> [Brief]
Every line below from the one with "- When budgeting" through the one with "Roof deck with soaking tub and shower" is to be repeated exactly, with no picture among them.

> [The data]
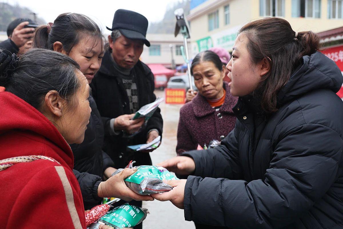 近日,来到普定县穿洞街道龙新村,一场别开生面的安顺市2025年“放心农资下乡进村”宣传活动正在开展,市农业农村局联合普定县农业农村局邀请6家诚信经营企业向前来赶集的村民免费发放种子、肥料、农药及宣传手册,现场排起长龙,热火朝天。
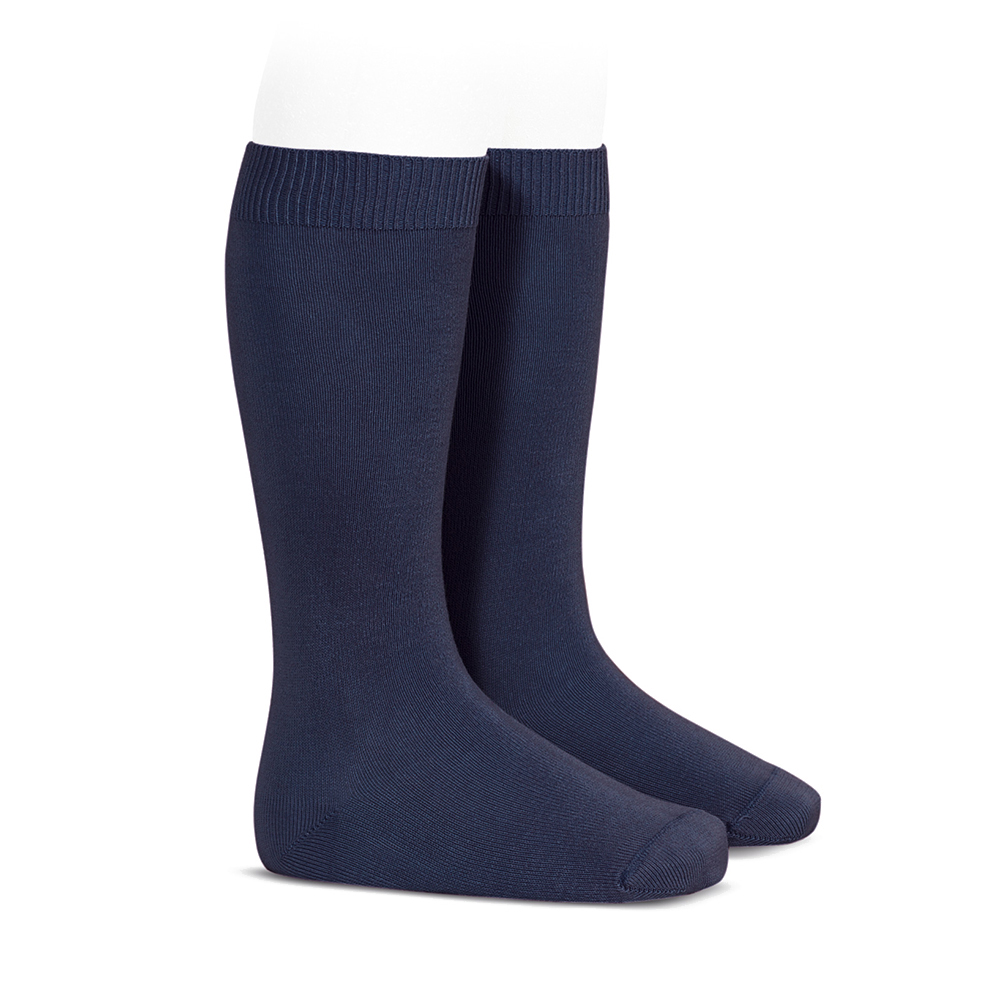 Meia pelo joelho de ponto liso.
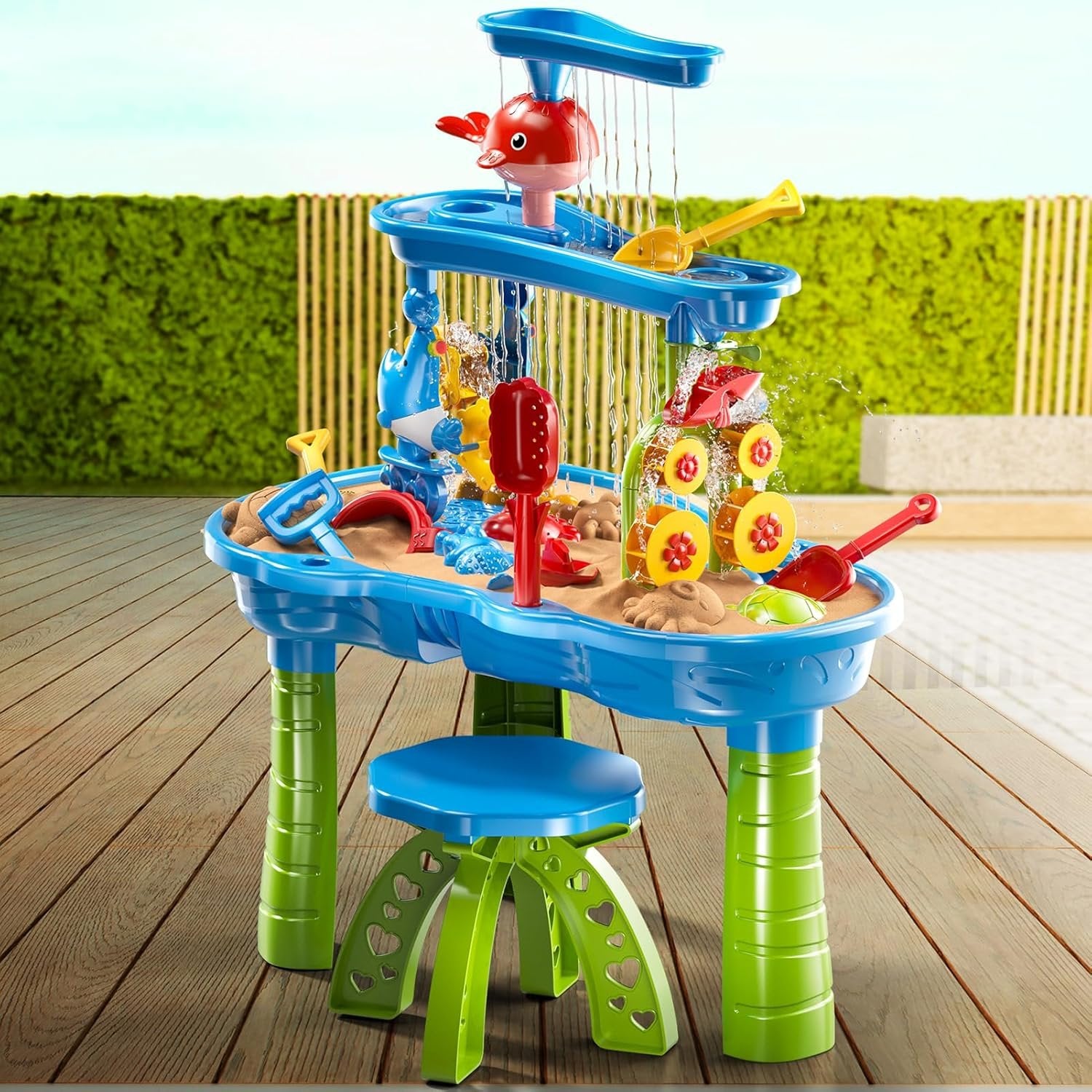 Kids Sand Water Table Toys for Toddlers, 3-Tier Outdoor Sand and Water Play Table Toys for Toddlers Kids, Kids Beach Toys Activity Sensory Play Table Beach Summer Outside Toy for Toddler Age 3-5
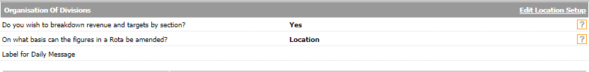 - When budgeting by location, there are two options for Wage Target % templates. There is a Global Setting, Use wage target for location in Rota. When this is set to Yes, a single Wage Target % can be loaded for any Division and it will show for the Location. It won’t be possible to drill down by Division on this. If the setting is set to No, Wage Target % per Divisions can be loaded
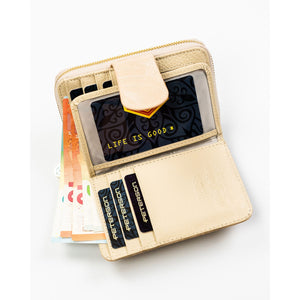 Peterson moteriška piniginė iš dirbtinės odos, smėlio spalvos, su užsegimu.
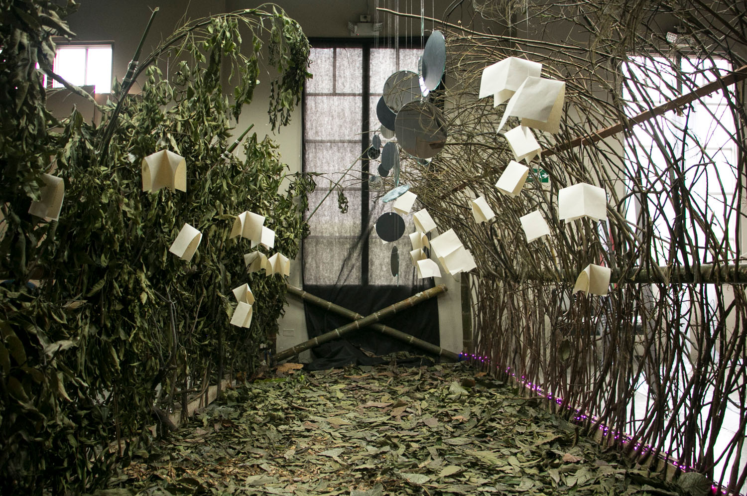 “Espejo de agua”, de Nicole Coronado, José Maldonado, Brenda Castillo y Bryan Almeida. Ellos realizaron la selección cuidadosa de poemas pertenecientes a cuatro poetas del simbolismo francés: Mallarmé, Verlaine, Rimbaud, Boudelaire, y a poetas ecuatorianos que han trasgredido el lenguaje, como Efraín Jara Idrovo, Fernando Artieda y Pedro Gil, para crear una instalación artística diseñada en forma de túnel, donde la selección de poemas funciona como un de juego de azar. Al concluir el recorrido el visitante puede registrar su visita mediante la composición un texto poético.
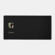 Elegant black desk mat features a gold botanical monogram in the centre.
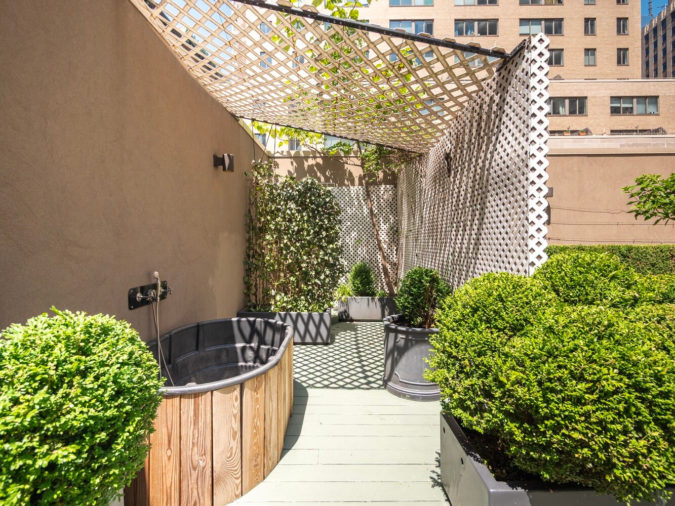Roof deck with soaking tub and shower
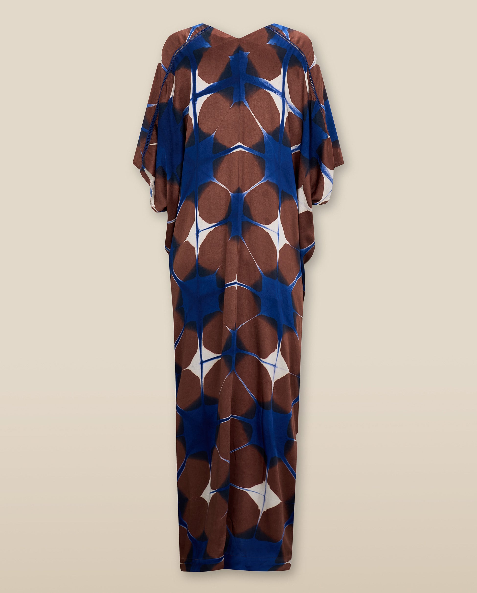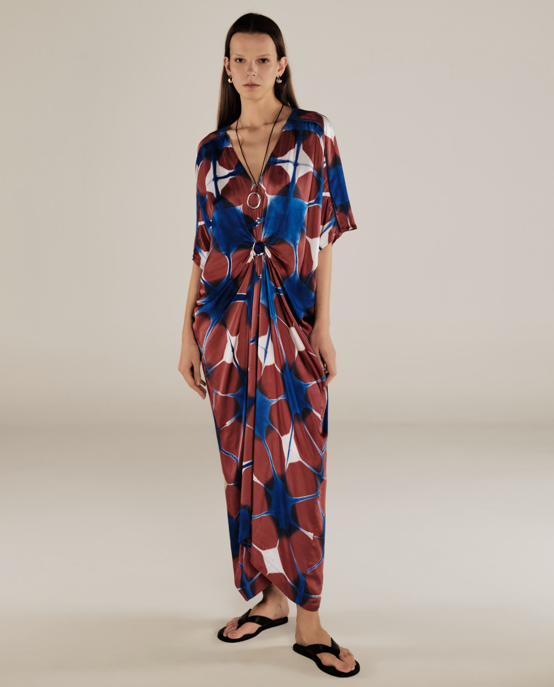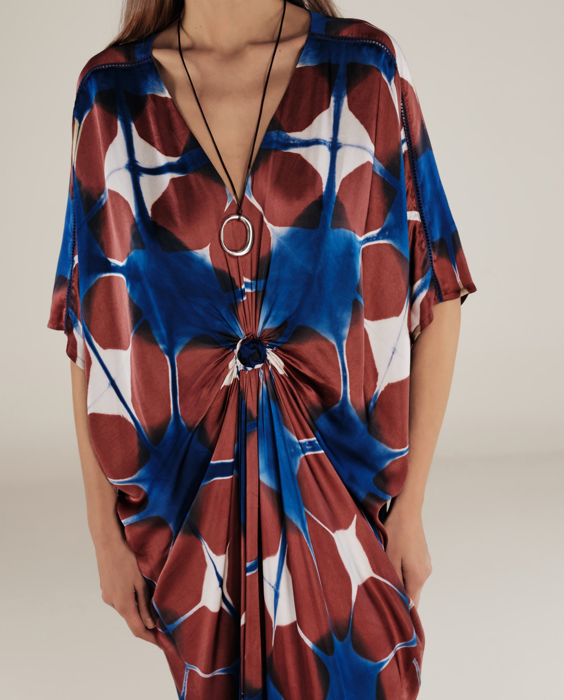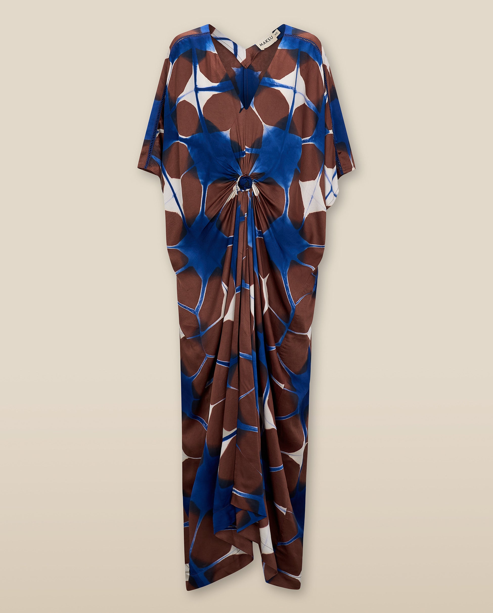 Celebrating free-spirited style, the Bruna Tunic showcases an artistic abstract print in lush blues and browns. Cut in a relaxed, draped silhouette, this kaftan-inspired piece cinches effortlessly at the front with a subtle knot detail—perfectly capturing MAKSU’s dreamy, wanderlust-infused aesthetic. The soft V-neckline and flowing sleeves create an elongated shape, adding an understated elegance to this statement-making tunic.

> [Solution to this problem]
 - When budgeting by location, there are two options for Wage Target % templates. There is a Global Setting, Use wage target for location in Rota. When this is set to Yes, a single Wage Target % can be loaded for any Division and it will show for the Location. It won’t be possible to drill down by Division on this. If the setting is set to No, Wage Target % per Divisions can be loaded
 Peterson moteriška piniginė iš dirbtinės odos, smėlio spalvos, su užsegimu.
 “Espejo de agua”, de Nicole Coronado, José Maldonado, Brenda Castillo y Bryan Almeida. Ellos realizaron la selección cuidadosa de poemas pertenecientes a cuatro poetas del simbolismo francés: Mallarmé, Verlaine, Rimbaud, Boudelaire, y a poetas ecuatorianos que han trasgredido el lenguaje, como Efraín Jara Idrovo, Fernando Artieda y Pedro Gil, para crear una instalación artística diseñada en forma de túnel, donde la selección de poemas funciona como un de juego de azar. Al concluir el recorrido el visitante puede registrar su visita mediante la composición un texto poético.
 Elegant black desk mat features a gold botanical monogram in the centre.
Roof deck with soaking tub and shower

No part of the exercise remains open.